Journal of Cleaner Production ( IF 9.7 ) Pub Date : 2020-09-06 , DOI: 10.1016/j.jclepro.2020.123795 Dominik Seiler , Garret E. O’Donnell
In the last decade, data availability of industrial processes have gained increasing importance due to the rise of new digital technologies. In practise, many data gaps still exist as a result of missing or broken measuring devices that impede the endeavour of comprehensive data availability. Proxy metering devices represent an easy to adopt solution for missing data by approximating unknown parameters with a mathematical model that is set up on process knowledge and available online meters. To date, the dissemination of proxy metering devices in industrial surroundings is limited due to a lack of general guidelines and the high complexity of available cases. Thus, this research provides comprehensive instructions for developing proxy meter devices on the basis of small datasets. Applied complexity measures categorise five case datasets depending on the inherent intricacy. Based on this classification, the performances of three regression algorithms (multiple linear regression, partial least squares regression, and neural networks) are analysed in combination with dataset modifications techniques bootstrap and artificial noise injection. The results highlight in particular the positive influence of replicating a small training dataset by bootstrapping for neural networks and when the addition of artificial noise is appropriate.
中文翻译:
填补空白:比较小数据方案的代理测量技术
在过去的十年中,由于新的数字技术的兴起,工业过程的数据可用性变得越来越重要。
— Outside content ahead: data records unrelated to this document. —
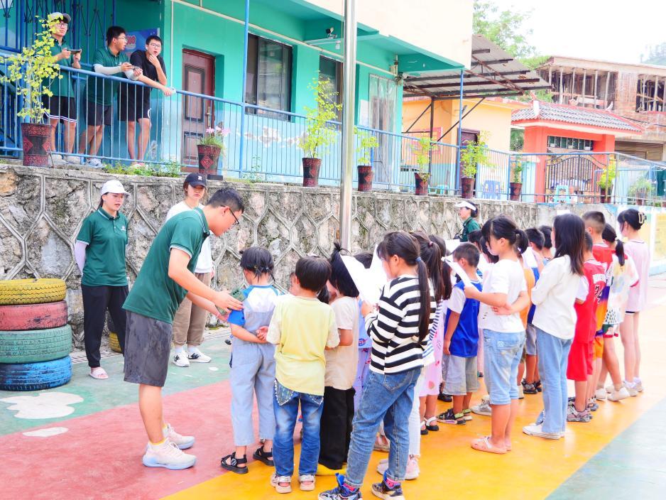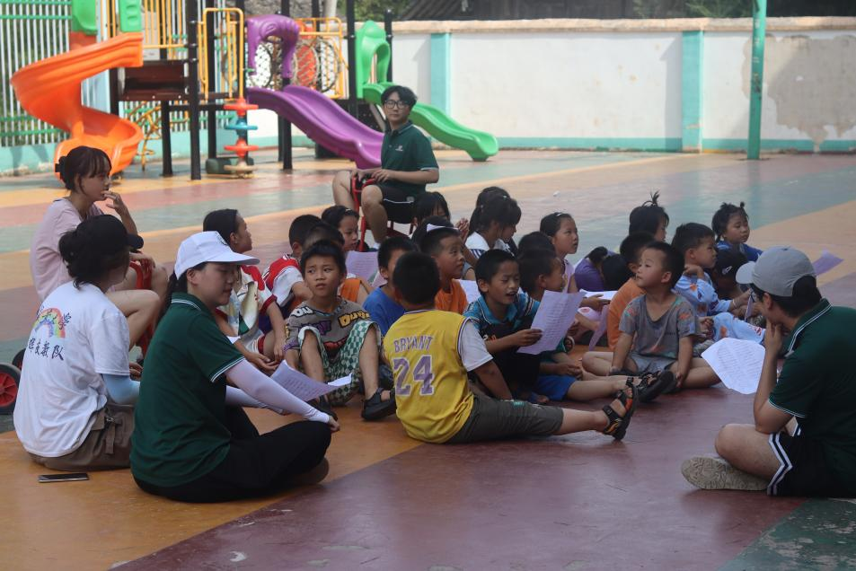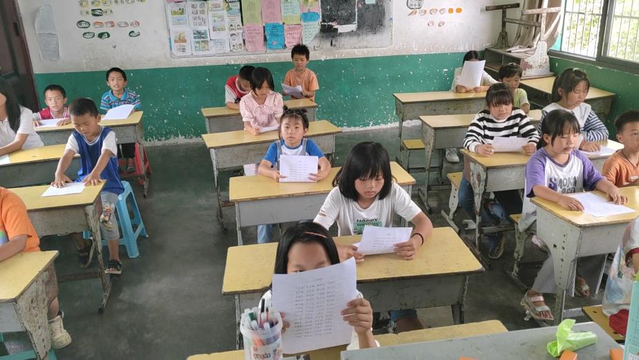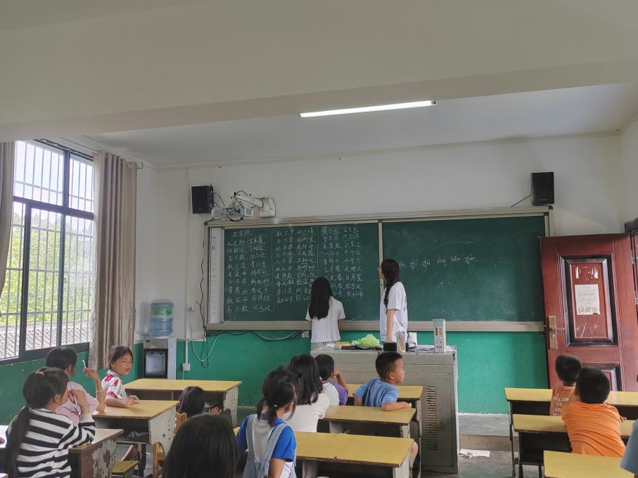 在跟读过程中,实践队员发现孩子们在细节字词的发音上出现不少问题,尤其分不清平翘舌音和鼻音边音。实践队员一句句带读,并将重点字词的拼音在黑板上标记出来,以纠正关键字词、易错字词发音,力求为孩子们纠正不标准发音,打好普通话基础。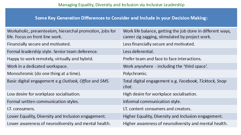 An exploration of Generational Diversity and some of the key considerations for all colleagues in this area. This includes differences in working preferences, expectations of colleagues / leaders and awareness of EDI related considerations.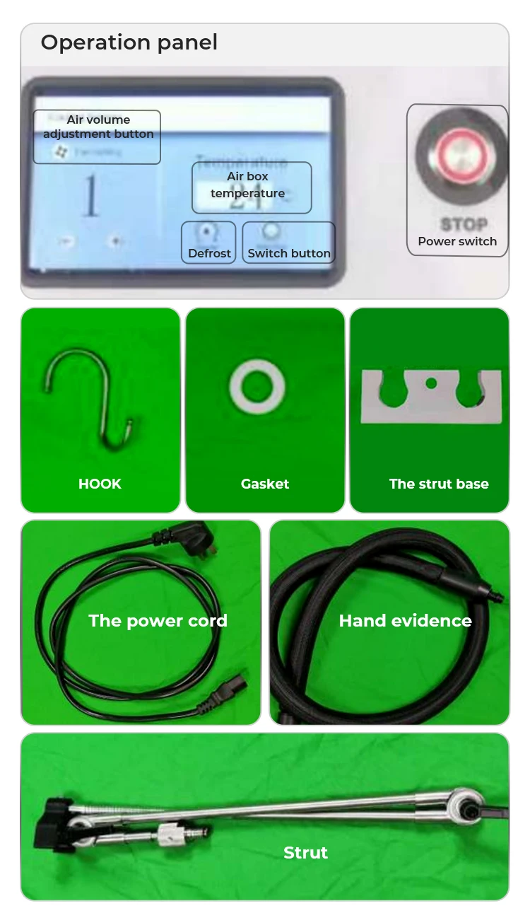 This product uses frequency conversion air compressor device to compress the air and send out cold air through the refrigeration device to cool the epidermis so as to protect the epidermis, relieve pain and make the high energy density act on the target tissue without damaging the epidermis.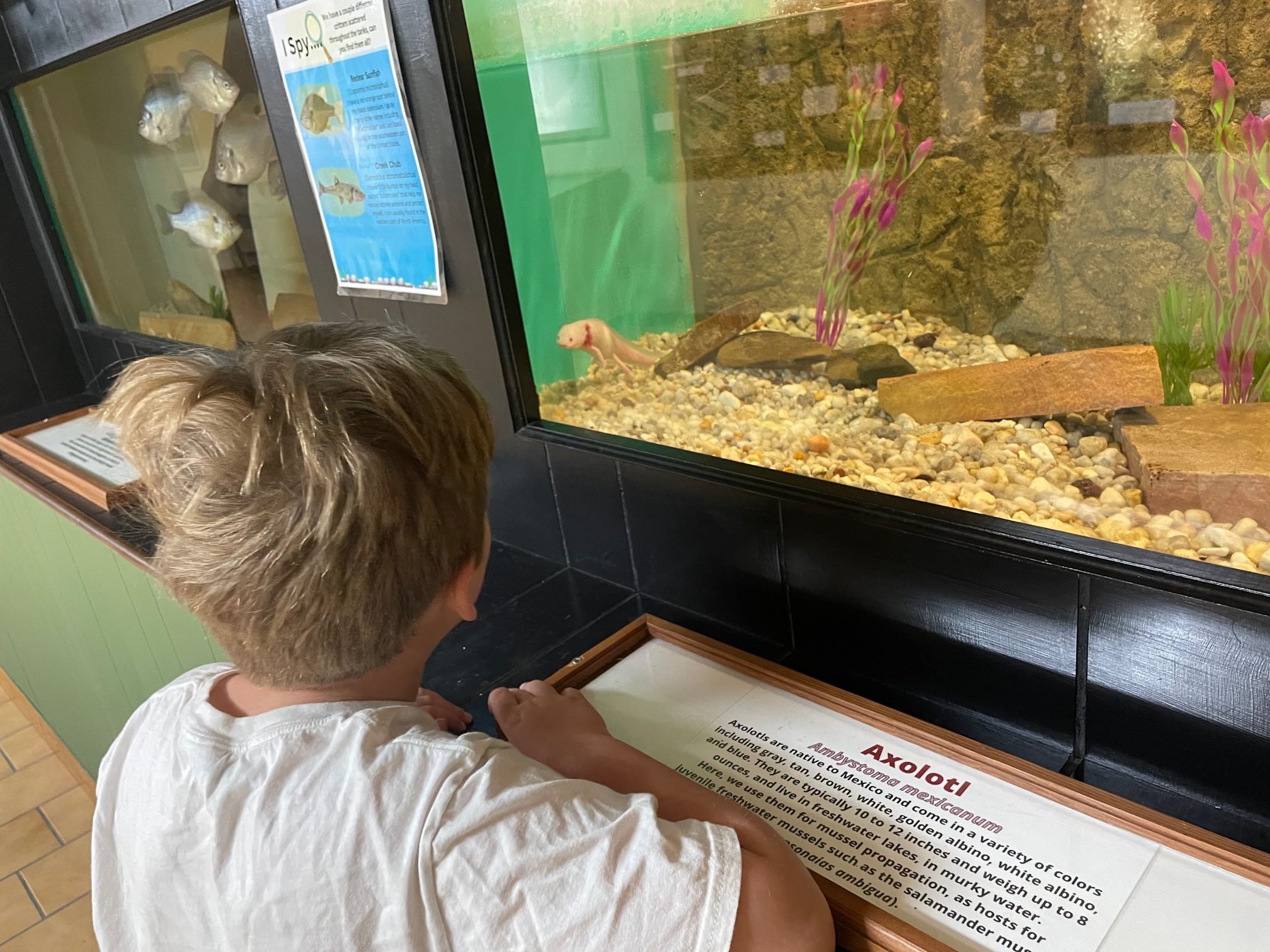 You can imagine my surprise when we visited the White Sulphur Springs National Fish Hatchery (operated by the US Fish & Wildlife Service) last week…where they have an actual axolotl in an educational display.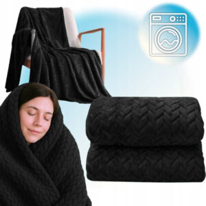 Koc miękki 200x220cm narzuta Gładki poliester pled czarny
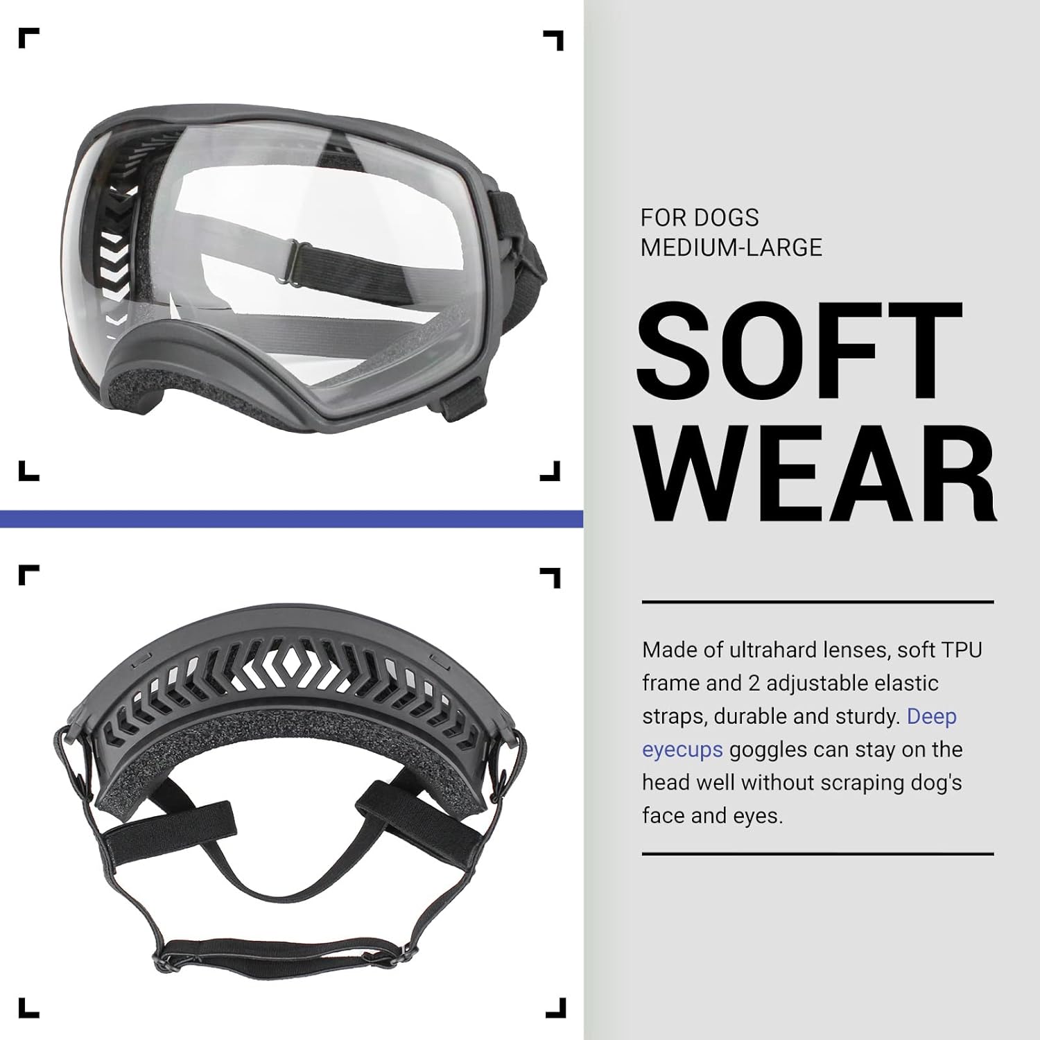 - Multi-Functional Protectors: Anti-UV, Windproof, Snowproof. These doggy goggles can be used anytime throughout the year that protect dog eyes from dust, debris and dirt, also offers a perfect balance of shade and eye protection, they doesn't interfere with doggie vision and provide great UV, driving windproof and skiing protection.

实际上,由于缺少测量设备或损坏了测量设备而导致许多数据差距仍然存在,从而阻碍了全面数据可用性的努力。代理计量设备通过使用基于过程知识和可用在线计量表的数学模型来近似未知参数,代表了易于采用的丢失数据的解决方案。迄今为止,由于缺乏通用准则和可用案例的高度复杂性,在工业环境中代理计量设备的传播受到限制。因此,本研究为基于小型数据集开发代理计量器设备提供了全面的指导。应用的复杂性度量根据固有的复杂性将五个案例数据集分类。基于此分类,结合数据集修改技术自举和人工噪声注入,分析了三种回归算法(多重线性回归,偏最小二乘回归和神经网络)的性能。结果特别强调了通过自举神经网络来复制小型训练数据集的积极影响,以及在适当时添加人工噪声的情况。